▶ Exercise brief
The answer is the first line of the listing and every line after it through the one containing "Attendees of Oxford", exact, with pictures removed.

▶ Data for the task
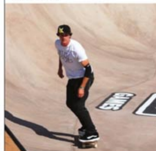
Cruising the Park course flat bottom during Park Elimination in X Games 15, held in 2009.

(Bucky Lasek is a Baltimore, Maryland native who lives in Southern California with his wife and three daughters.)
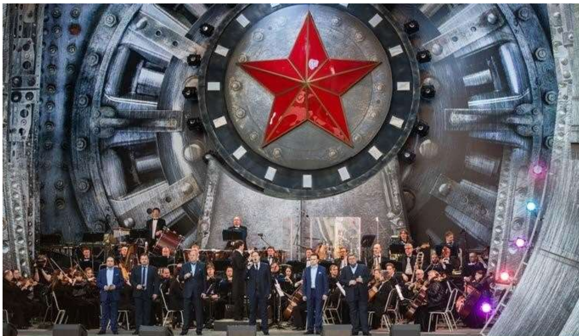
70th Anniversary of the Great Victory at Belorussky Railway Station

For active participation in preparation and holding events connected with the 70th Anniversary of the Victory in the Great Patriotic War Moscow City Symphony — Russian Philharmonic was awarded with a letter of acknowledgement from Sergey Ivanov, the Chief of Staff of the Presidential Executive Office.
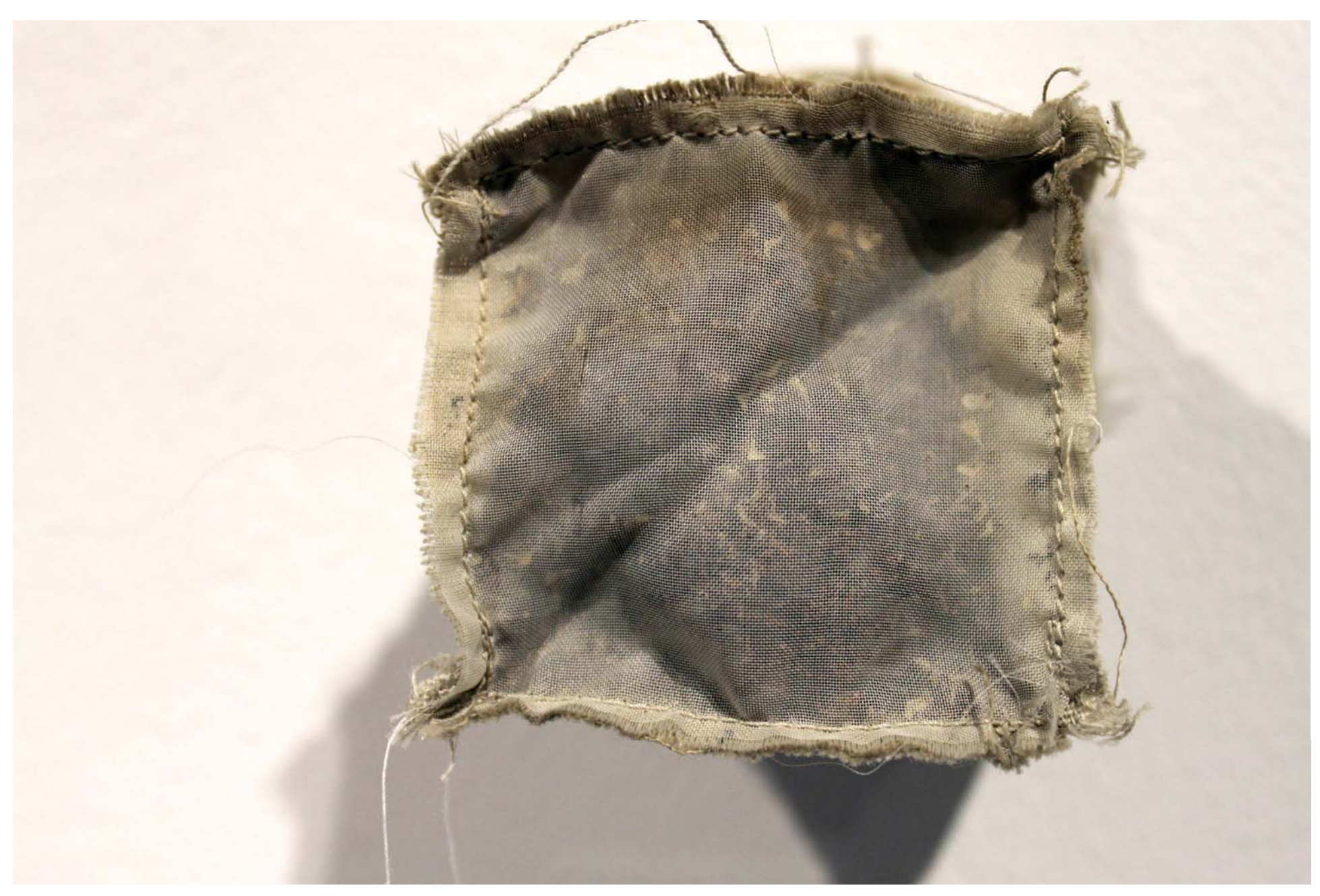
Figure 3: Sixty-Fives Times Softness Was Read as Frailty and Structure Was Seen as Strength, detail.
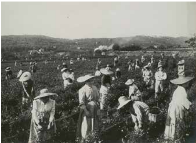
A jasmine harvest in the early 20th century, Grasse

Nowadays, these two countries supply in equal proportions 90% of world production.
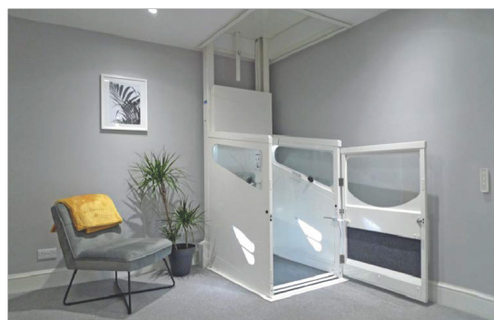
Harmony Wheelchair Homelift
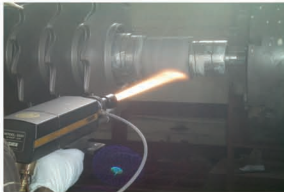
Coating on Steam Turbine Rotor
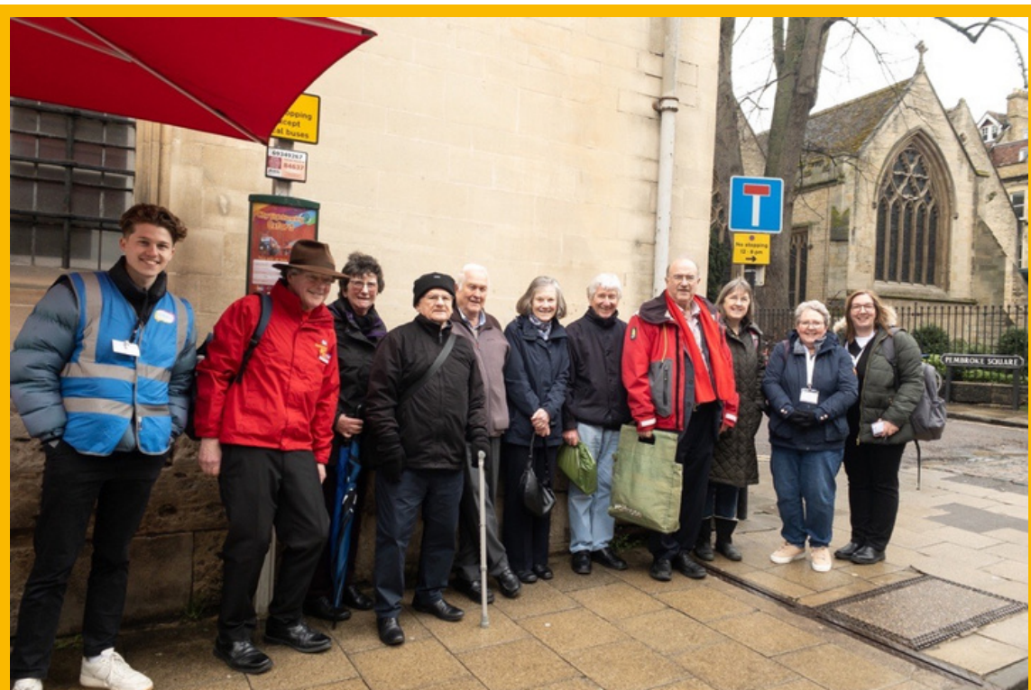
Attendees of Oxford Bus Company's 'Chatty Bus Day Out' in March 2023 enjoyed free bus travel to Oxford and a complimentary open-top bus tour around the city.

Our colleagues at Oxford Bus Company have hosted a series of 'Chatty Bus' events to battle loneliness in their communities. In March 2023, elderly people living in Abingdon were invited to enjoy a day out in Oxford with free bus travel and a complimentary City Sightseeing Oxford open-top bus tour. The event was a success – not only were all the spaces filled, but many attendees explained how they benefited from socialising with new people.
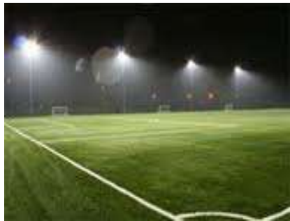
All weather flood lit sports pitch!
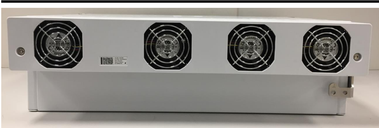
Figure 3: LPRU 4420 B25B66 Rear View
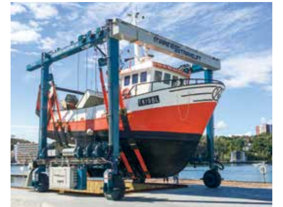
75 BFMII - Sandefjord, Norway
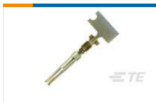
TE Part #66505-4 HD 20 DF SOCKET PLTD
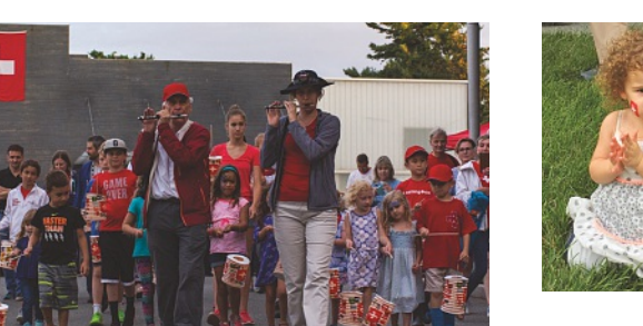
AROVE 3 PHOTOS BY BEN SILLLIVAN
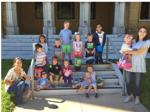
2019 Easter Egg Hunt
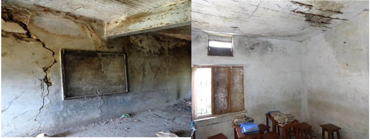
Figure 1 Status of GIC buildings after the flash flood
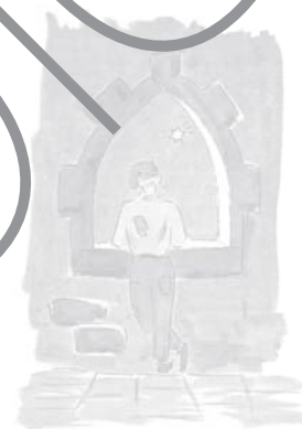
6. El pobre alegre pág. 7
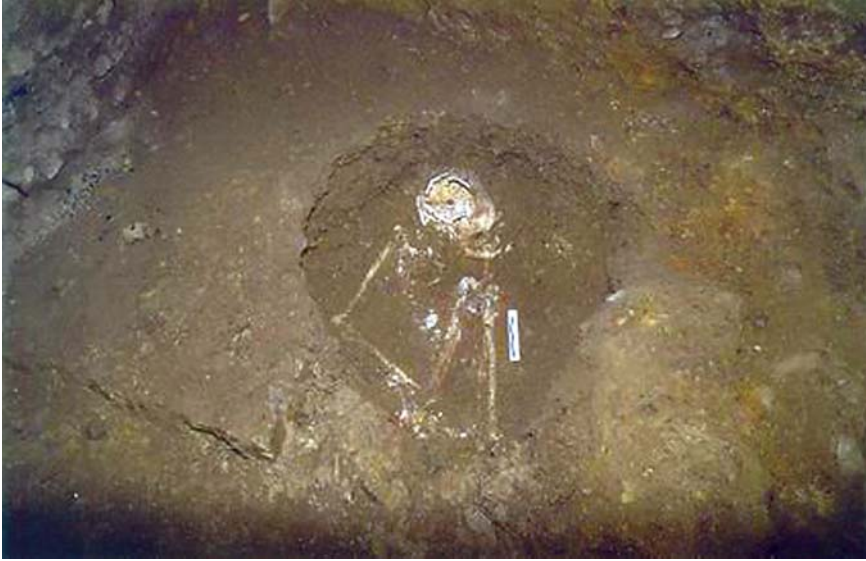
Figure 6. Hoabinhian burials are very rare. This flexed skeleton of an old man from the Ban Rai rock shelter dates to about 10 kya.

date back to 10 kya and includes a number of hearths and the stone tools used to process game and to fashion wooden implements. The animals hunted from this base include gibbons, squirrels, macaques, and civets, denizens of the canopied rainforest. Freshwater shellfish and some marine shellfish were collected, the latter having to come from a 30-km distance. At Moh Khiew, Pookajorn has recovered evidence for Hoabinhian stone tools associated with four inhumation burials, one of which may have been interred in a seated, crouched position. A radiocarbon date suggests that one of the burials is about 25,000 years old (Pookajorn 1994). Unfortunately, only part of the upper body has survived. The other three were all extended inhumations on a north-to-south orientation. Grave goods consisted of flaked stone tools and quartz pebbles. Upper cultural contexts at the vital site of Lang Rongrien contain stone tools that fall within the range for the Hoabinhian hunter-gatherer culture dated between 10 and 6 kya, with flaked core tools such as choppers and axes present.
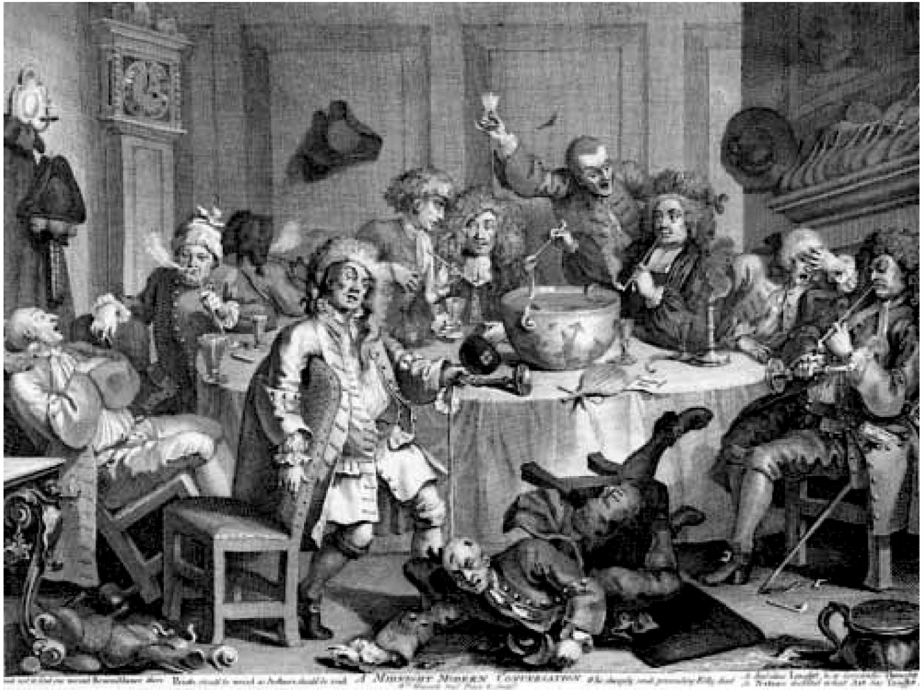
William Hogarth, "A Midnight Modern Conversation."

edly, was seized by a fit of remorse, or, perhaps, triumphalism, and established the temple of snake-worship called the cult of the Pythian Apollo at that gravesite.
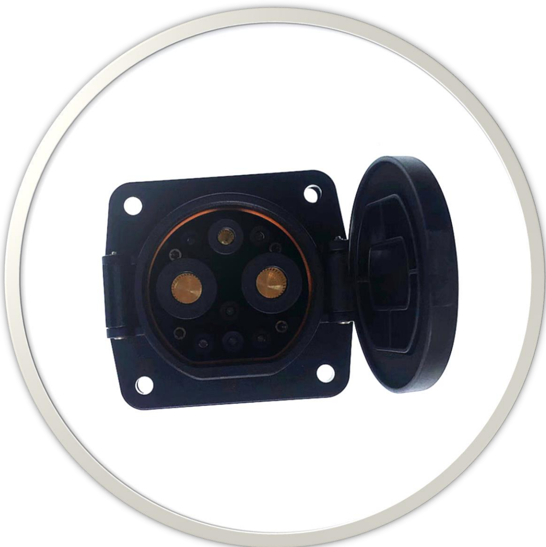
HLK-608 URL Download
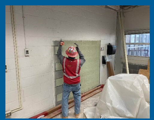
CMU Block demo for replacement infill
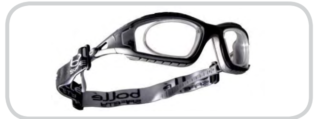
Tracker RX - Black
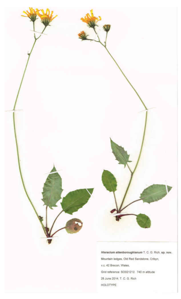
Figure 2 Holotype of Hieracium attenboroughianum.

and many glandular hairs on the involucral bracts in H. attenboroughianum ).
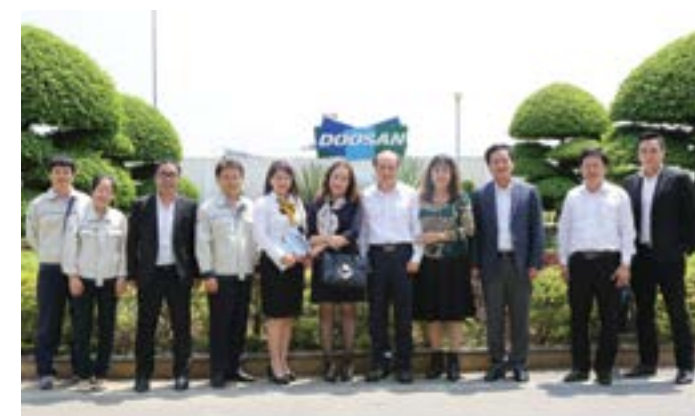
Doosan Vina's CEO and visitors of Vietcombank

▶ Exercise solution
Cruising the Park course flat bottom during Park Elimination in X Games 15, held in 2009.

(Bucky Lasek is a Baltimore, Maryland native who lives in Southern California with his wife and three daughters.)
70th Anniversary of the Great Victory at Belorussky Railway Station

For active participation in preparation and holding events connected with the 70th Anniversary of the Victory in the Great Patriotic War Moscow City Symphony — Russian Philharmonic was awarded with a letter of acknowledgement from Sergey Ivanov, the Chief of Staff of the Presidential Executive Office.
Figure 3: Sixty-Fives Times Softness Was Read as Frailty and Structure Was Seen as Strength, detail.
A jasmine harvest in the early 20th century, Grasse

Nowadays, these two countries supply in equal proportions 90% of world production.
Harmony Wheelchair Homelift
Coating on Steam Turbine Rotor
Attendees of Oxford Bus Company's 'Chatty Bus Day Out' in March 2023 enjoyed free bus travel to Oxford and a complimentary open-top bus tour around the city.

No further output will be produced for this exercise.